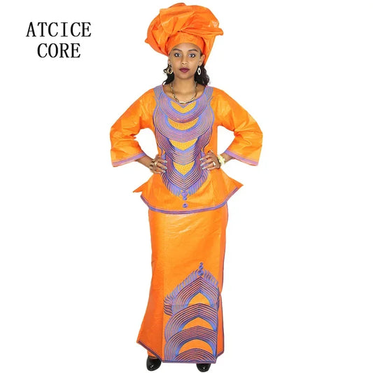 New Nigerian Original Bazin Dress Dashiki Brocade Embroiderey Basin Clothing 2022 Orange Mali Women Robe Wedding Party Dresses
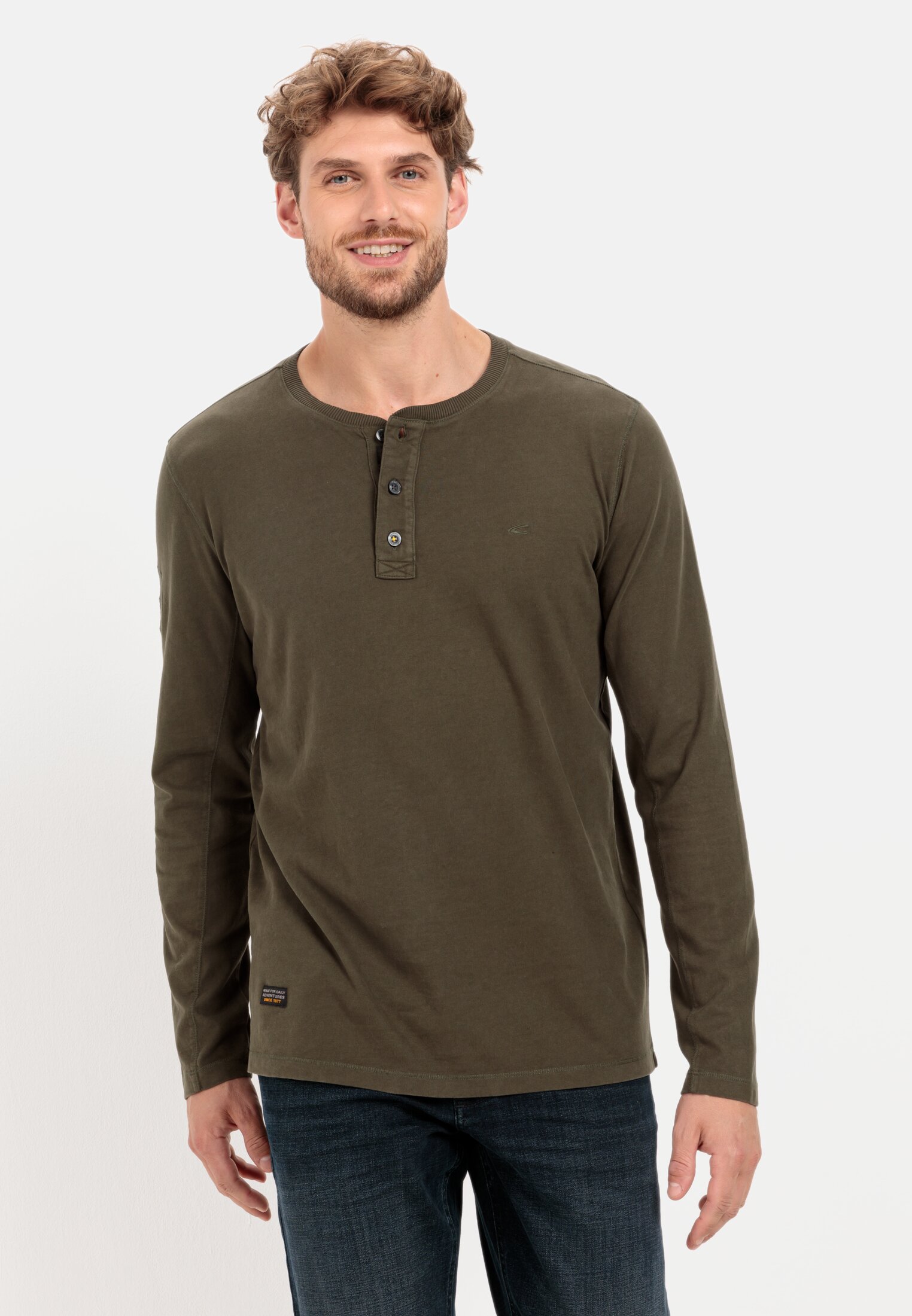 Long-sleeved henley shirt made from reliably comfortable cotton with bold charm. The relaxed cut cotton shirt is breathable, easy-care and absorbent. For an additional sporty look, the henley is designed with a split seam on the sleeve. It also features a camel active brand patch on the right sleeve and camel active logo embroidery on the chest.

--

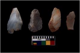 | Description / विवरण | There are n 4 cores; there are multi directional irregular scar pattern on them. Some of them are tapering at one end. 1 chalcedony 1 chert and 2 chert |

■ Try it ■
Only the lines starting at the one with "New Nigerian Original" and ending at the one with "Long-sleeved henley shirt" should be printed, each exactly as it appears in the material above; the pictures are to be omitted.

■ Response ■
 New Nigerian Original Bazin Dress Dashiki Brocade Embroiderey Basin Clothing 2022 Orange Mali Women Robe Wedding Party Dresses
 Long-sleeved henley shirt made from reliably comfortable cotton with bold charm. The relaxed cut cotton shirt is breathable, easy-care and absorbent. For an additional sporty look, the henley is designed with a split seam on the sleeve. It also features a camel active brand patch on the right sleeve and camel active logo embroidery on the chest.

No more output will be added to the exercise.